DATA BELOW
^^^^^^^^^^^^^^^^
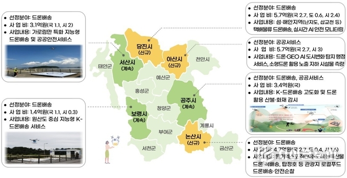 이와 함께 지난해에 이어 선정된 공주·보령·서산시는 드론 배송과 재난 감시 등 기존 실증사업을 고도화하며 운영 범위를 확대한다.
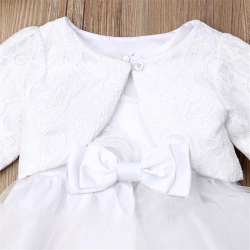 3Pcs Infant Baby Girl Tutu Tulle Wedding Gown Dress+ Lace Cardigan + Baptism Hat Party Outfits 6
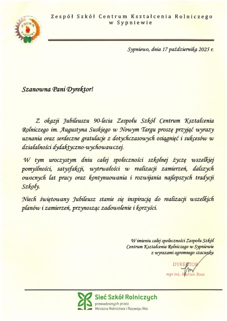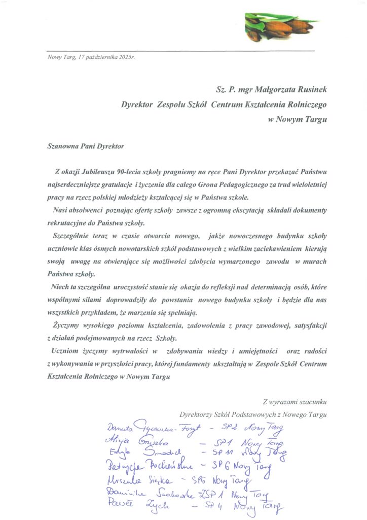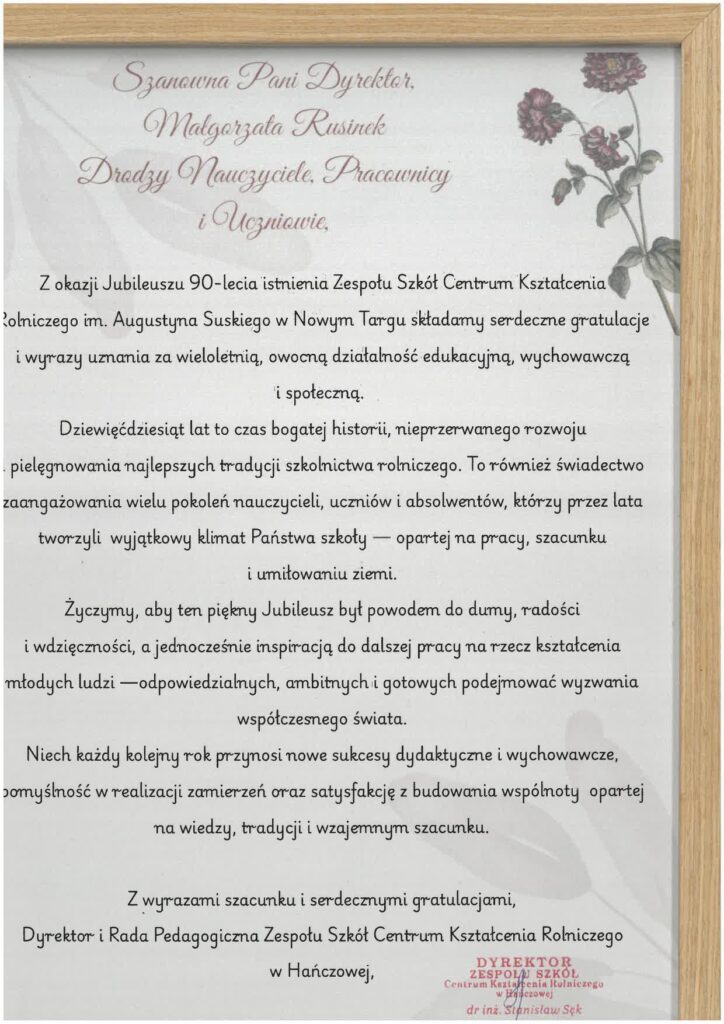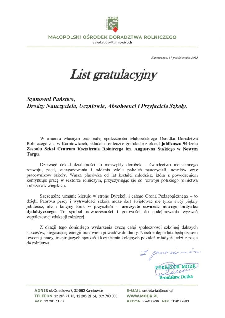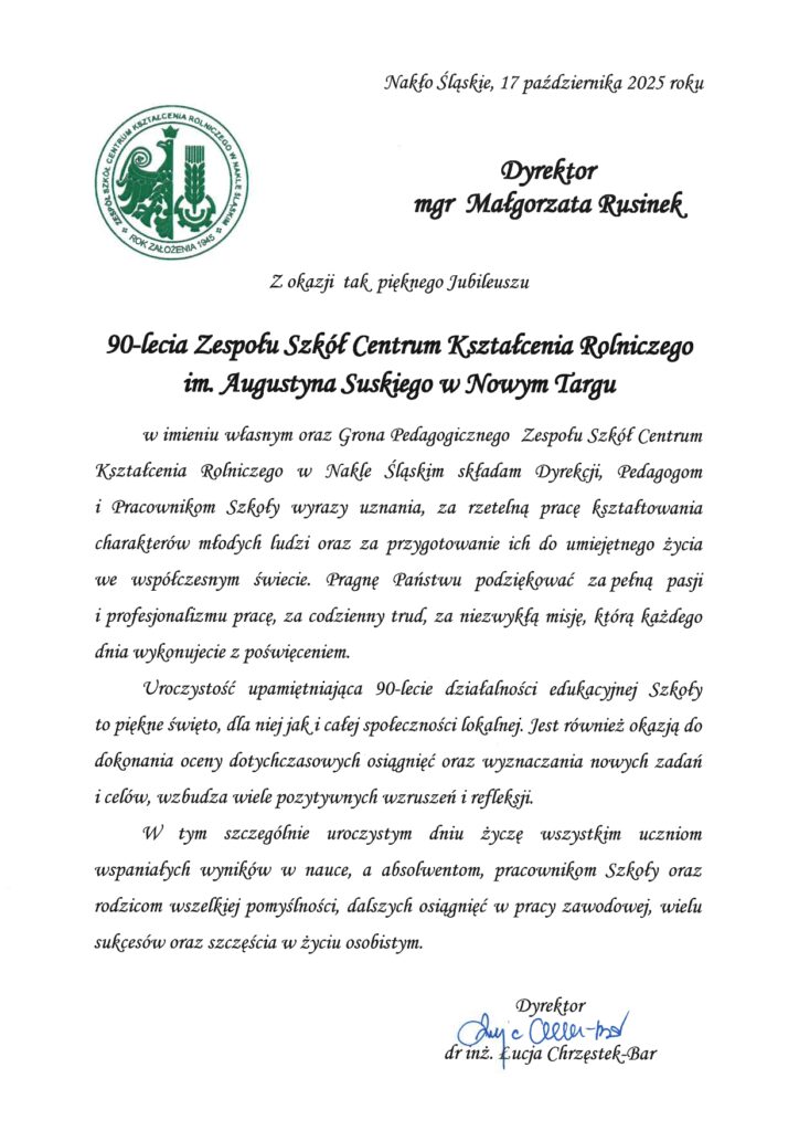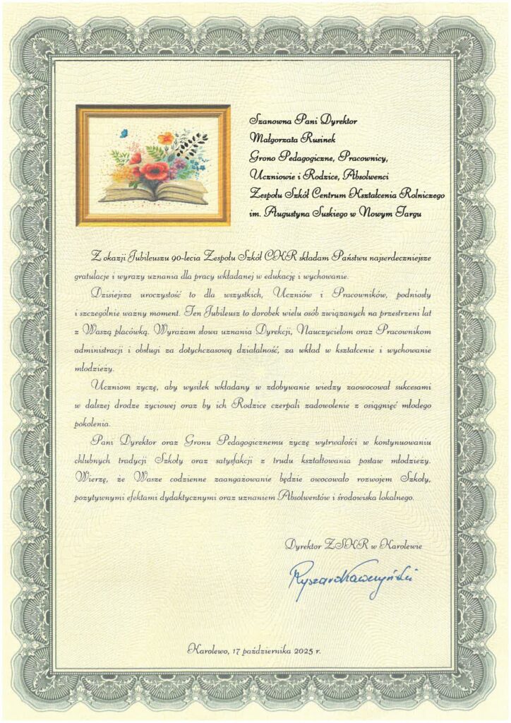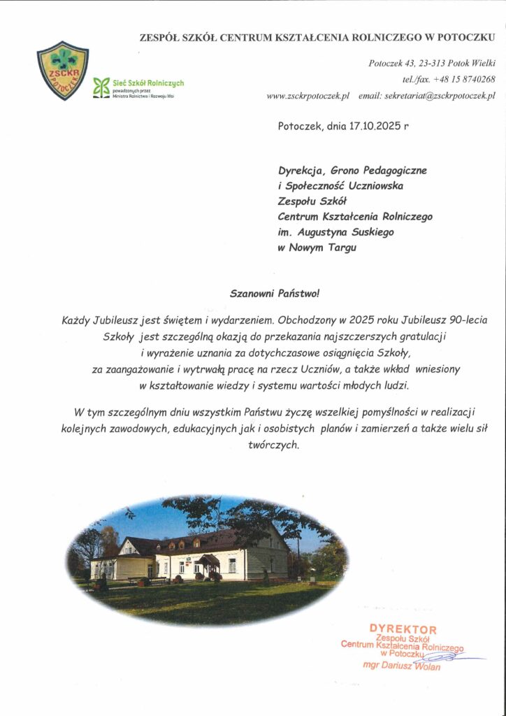 17 października br. w Zespole Szkół Centrum Kształcenia Rolniczego im. Augustyna Suskiego w Nowym Targu odbyła się wyjątkowa uroczystość – oficjalne otwarcie nowego budynku szkoły połączone z obchodami Jubileuszu 90-lecia jej istnienia. Był to niezwykle ważny i wzruszający dzień zarówno dla uczniów, nauczycieli, absolwentów, jak i całej lokalnej społeczności oraz przyjaciół szkoły.
^^^^^^^^^^^^^^^^
EXERCISE AIM
Set down the material above exactly as it reads, but not its pictures.

REPLY TO THE EXERCISE
 이와 함께 지난해에 이어 선정된 공주·보령·서산시는 드론 배송과 재난 감시 등 기존 실증사업을 고도화하며 운영 범위를 확대한다.
 3Pcs Infant Baby Girl Tutu Tulle Wedding Gown Dress+ Lace Cardigan + Baptism Hat Party Outfits 6
 17 października br. w Zespole Szkół Centrum Kształcenia Rolniczego im. Augustyna Suskiego w Nowym Targu odbyła się wyjątkowa uroczystość – oficjalne otwarcie nowego budynku szkoły połączone z obchodami Jubileuszu 90-lecia jej istnienia. Był to niezwykle ważny i wzruszający dzień zarówno dla uczniów, nauczycieli, absolwentów, jak i całej lokalnej społeczności oraz przyjaciół szkoły.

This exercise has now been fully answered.